Она уводит женщину с плавной грацией, и я оборачиваюсь, чтобы посмотреть, как Уолт пересекает комнату, чтобы добраться до меня. Я тоже направляюсь к нему, встречая его на полпути. Он подавляет все мои чувства сразу. Я улавливаю его характерный запах, и моя грудь сжимается от желания. Мы не прикасаемся друг к другу. Мы стоим на расстоянии фута друг от друга, пока я пристально смотрю на его грудь, особенно на пуговицу его накрахмаленной белой рубашки, и жду, когда он заговорит.
Проходит секунда, и я поднимаю на него взгляд.
Его карие глаза смотрят на меня с такой беззастенчивой тоской, что у меня горят щеки.
— Поздравляю, — говорит он, протягивая мне цветы.
Я принимаю их, бережно баюкая в своих руках. Они прекрасны, брызги ярких цветов, но они затмевают его запах, поэтому я позволяю им упасть рядом со мной, подальше от моего пути.
— Ты приехал в Париж, — говорю я ошеломленно, когда снова смотрю на него.
Он кивает.
— Я прибыл несколько часов назад.
— О. Держу пари, ты устал.
Он не отрывает от меня взгляда и качает головой.
— Нет.
— Ты приехал в Париж, — повторяю я.
Уголок его рта приподнимается в неуверенной улыбке.
— Для твоей выставки.
Я киваю, внезапно настолько ошеломленная, что не могу подобрать слов. Я снова смотрю на цветы, и слеза скатывается по моей щеке. Он протягивает руку, чтобы обхватить мое лицо, чтобы вытереть ее. Он выглядит совершенно раздавленным, когда наши глаза снова встречаются.
— Пожалуйста, не плачь.
— Я ничего не могу с этим поделать, — шепчу я.
Я никогда не видела, чтобы кто-то делал для меня что-то настолько самоотверженное. Чтобы кто-то бросил все и прилетел сюда… удивил меня вот так…
Я делаю шаг вперед в порыве храбрости и обхватываю его руками за талию, сжимая его, когда моя голова падает ему на грудь. Я погружаюсь в его запах, и это так же успокаивает, как падение в постель после тяжелого дня.

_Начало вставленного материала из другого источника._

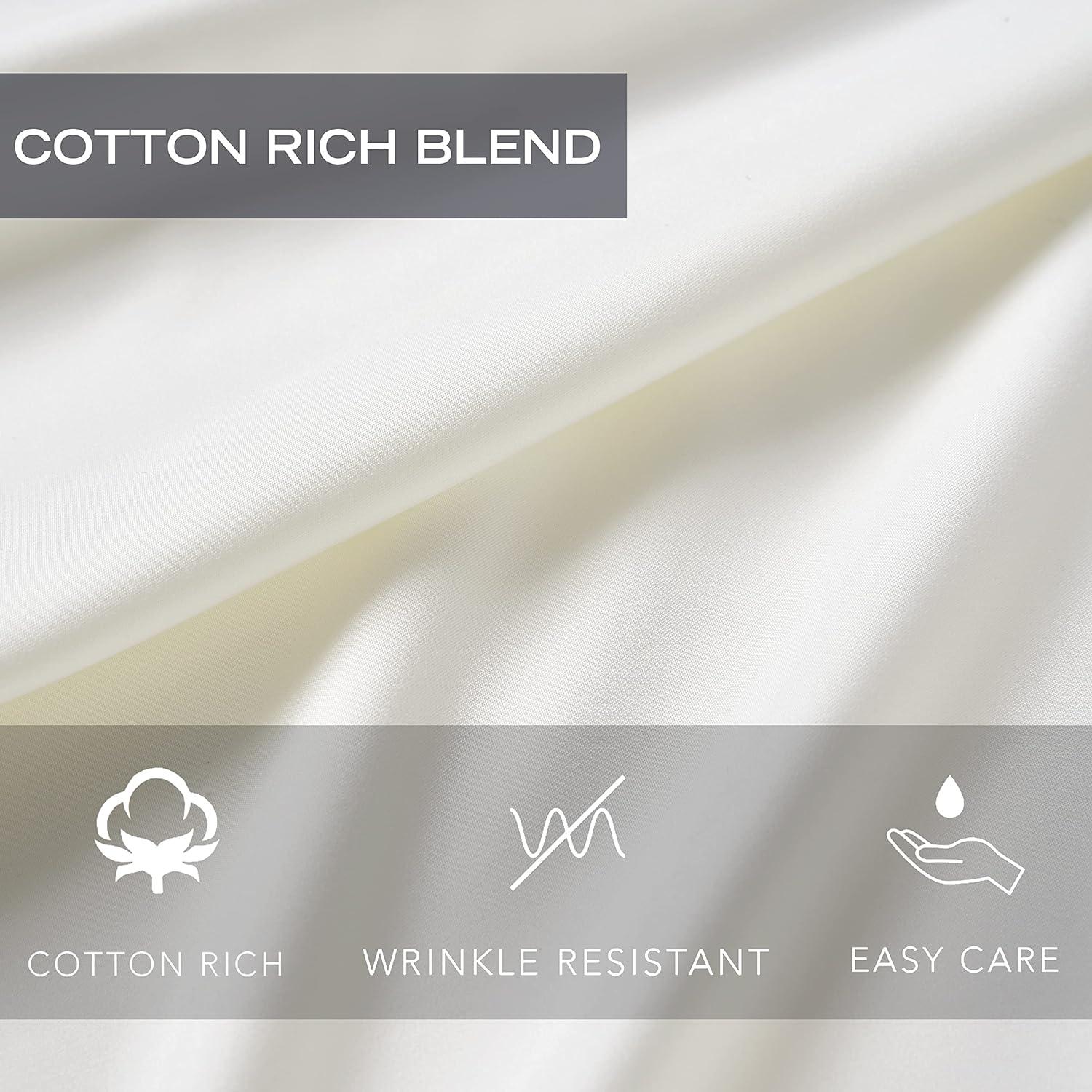 MATERIAL: Cotton-rich blend- 60% Cotton/40% Polyester- Combining cotton with polyester creates a sheet that is easy to care for and wrinkle resistant; Woven to be a lightweight sheet that is durable and great for year round use; Plain weave ensures smooth hand feel and piece dyed for color that lasts

— Поздравляю с твоей коллекцией, — говорит он, целуя меня в волосы. — Я так горжусь тобой. Посмотри вокруг. Там не осталось ни одной картины для продажи.

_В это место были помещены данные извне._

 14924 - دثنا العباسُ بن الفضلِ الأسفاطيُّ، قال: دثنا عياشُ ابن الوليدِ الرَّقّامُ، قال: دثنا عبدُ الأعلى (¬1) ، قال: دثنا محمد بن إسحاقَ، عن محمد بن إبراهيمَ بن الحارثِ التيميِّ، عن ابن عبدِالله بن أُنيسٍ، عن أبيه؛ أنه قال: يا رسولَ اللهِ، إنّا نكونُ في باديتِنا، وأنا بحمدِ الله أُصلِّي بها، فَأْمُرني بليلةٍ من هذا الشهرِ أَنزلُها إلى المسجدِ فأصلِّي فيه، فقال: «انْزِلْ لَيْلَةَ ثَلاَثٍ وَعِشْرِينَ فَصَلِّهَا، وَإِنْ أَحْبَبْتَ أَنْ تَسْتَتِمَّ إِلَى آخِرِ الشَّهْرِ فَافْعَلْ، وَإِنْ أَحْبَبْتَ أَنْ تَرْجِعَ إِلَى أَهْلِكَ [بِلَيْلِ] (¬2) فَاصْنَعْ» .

Я улыбаюсь и отступаю назад, махая рукой в зал.
— Пойдем, пойдем. Посмотри на все.
Я вкладываю свою руку в его, и он крепко сжимает ее, пока я провожу его через выставку от начала до конца, подтверждая то, что он мне только что сказал. Рядом с каждой моей работой есть табличка — продано. Он рассматривает мое искусство с вдумчивым вниманием, как будто стоит перед такими впечатляющими работами, как «Мона Лиза». Он говорит мне, какая картина его любимая, та, в которой использованы тяжелые синие и серые пигменты, нанесенные толстым слоем и текстурированные на холсте.
— Я бы купил ее, если бы кто-то не опередил меня.

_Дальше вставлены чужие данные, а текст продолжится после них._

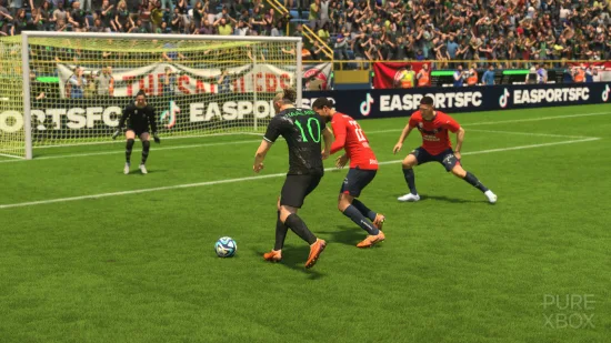 Lo que sí que hemos notado claramente es el hándicap en los jugadores. Ya puedes entrenar para poder defender bien, ya que en nuestrso partidos de EA SPORTS FC 24, normalmente en un duelo, el delantero salía ganador. Tampoco penaliza el hacer filigranas o usar a jugadores muy veloces en ataque. Sin embargo en defensa los centrales quizás, si son lentos, queden retratados en las jugadas con el balón en carrera.

Я прячу улыбку и веду его за собой. Как только мы доходим до конца, я не могу подавить чувство гордости, наполняющее меня сверху донизу. Идти рядом с ним, показывать ему свою работу таким образом — это осуществленная мечта. Каждый художник хочет быть там, где стою я, и я стараюсь позволить себе по-настоящему проникнуться этим, чтобы этот момент навсегда запечатлелся в моей памяти.
— Ты сенсация, — говорит он, когда мы дошли до конца.
Я даже не опровергаю это. Я не хочу преуменьшать это достижение.
— Тебе нужно возвращаться к Надежде? Вернуться к фотографиям и все такое?
Произнося ее имя, он как будто только что вызвал ее из воздуха. Она подлетает к нам, сияя Уолту.
— Я так рада, что ты смог прийти, — говорит она, и на ее лице нет и намека на удивление.
Я смотрю на Уолта, и он подтверждает мои подозрения, когда наклоняет голову в ее сторону и говорит:
— Надежда помогла мне устроить сюрприз. Я связался с ней, как только узнал, что у тебя будет выставка.
Я смотрю на нее, и она гордо улыбается.
— Ты ничего мне не сказала!
— Да, ну, я хорошо умею хранить секреты. Теперь, ты, конечно, можешь остаться, но все твои работы проданы, и мероприятие сворачивается. Мне кажется, будет лучше, если ты не будешь задерживаться слишком долго. Оставь людей желать большего, — говорит она, подмигивая.